Rock permeability and formation fluid viscosity are key petrographical parameters throughout all stages of the oil or gas field development. These parameters are crucial for reservoir evaluation, optimal completion, production optimization and drainage pattern optimization for maximum hydrocarbon recovery. At the same time permeability and viscosity measurements are one of the most difficult measurements to get in a well.
Despite the fact that viscosity is a property of the formation fluid while permeability is formation property, measurements of these parameters and the methods used are closely related with each other. Permeability measurements normally include the measurement of two physical properties—mobility (ratio of permeability to formation fluid viscosity) and fluid viscosity.

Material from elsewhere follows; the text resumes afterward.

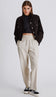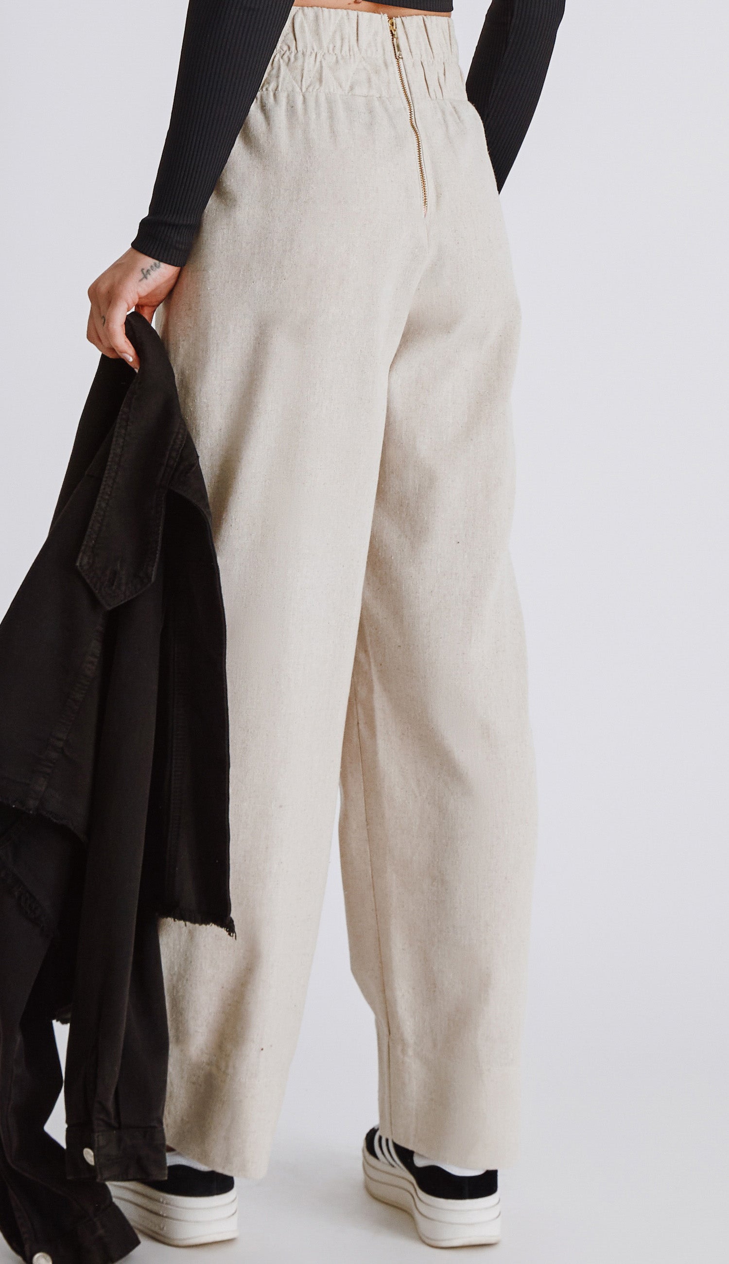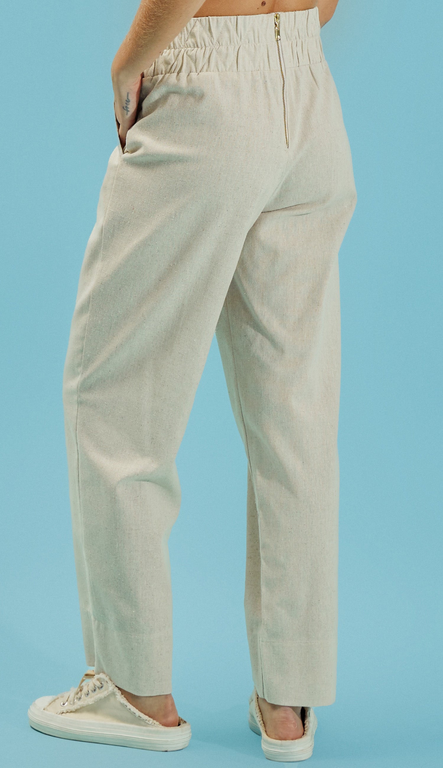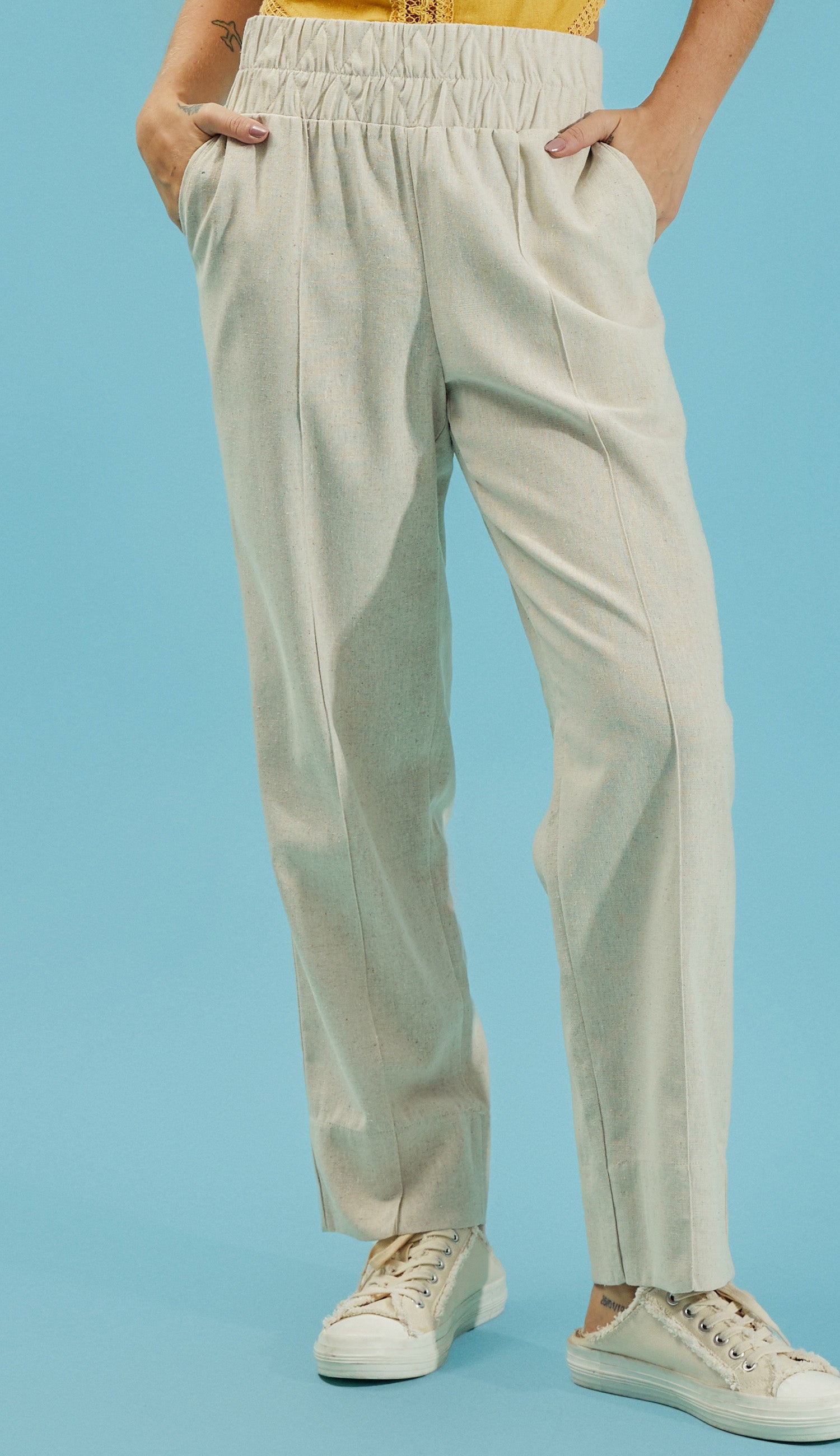 Calça confeccionada em linho. Possui cós largo com elástico franzido, vincos frontais, bolsos laterais, fendinha na lateral da barra e fechamento traseiro por zíper de metal.

Existing direct methods for pore fluid viscosity and formation permeability determination include pore fluid sampling with subsequent analysis, petrophysical and geo-chemical analysis of core plugs, pressure buildup and drawdown tests. All these methods require long-time measurements and high expenses for the implementation thereof. Besides, they provide not continuous information, i.e., contain only data of certain number of points along the borehole.
Acoustic measurements enable measuring a fluid mobility. To determine the pore space permeability additional information of the fluid viscosity is required. Viscosity measurement is a complex problem and normally requires auxiliary measurements.
From the prior art methods for rock properties' determination during the formation thermal treatment are known. Thus, in the USSR Certificate of Invention No. 1125519 a method for determining properties of productive formations is described; in accordance with this method a reservoir undergoes a thermal treatment and nuclear-magnetic or acoustic logging is performed before and after the thermal treatment. Free-fluid index, longitudinal relaxation time and porosity are measured, and oil recovery ratio is evaluated based on the measurement data. The formation thermal regime is in this case set by means of thermal agent injection or by establishing in-situ combustion.
In another patent—U.S. Pat. No. 6,755,246 a method is described in accordance with which a formation is passively or actively heated to increase the formation fluid temperature thus changing a relaxation time T2 of spin echo measurements which is used to identify and quantify heavy oil saturation. This method disadvantage is that it relies on empirical ratios during the measurement results' interpretation, which in a number of cases dramatically reduces the accuracy and applicability thereof. A disadvantage of NMR method is that the decay time constant in some formations, e.g., in low-permeability sandstones, is very small which prevents measuring signals with sufficient accuracy. The main problem relating relaxation times to formation permeability is that the pores studied by NMR need not to be hydraulically connected. Therefore an impermeable medium containing disconnected vugs could yield the same T1 decay curves as a permeable rock containing connected pores.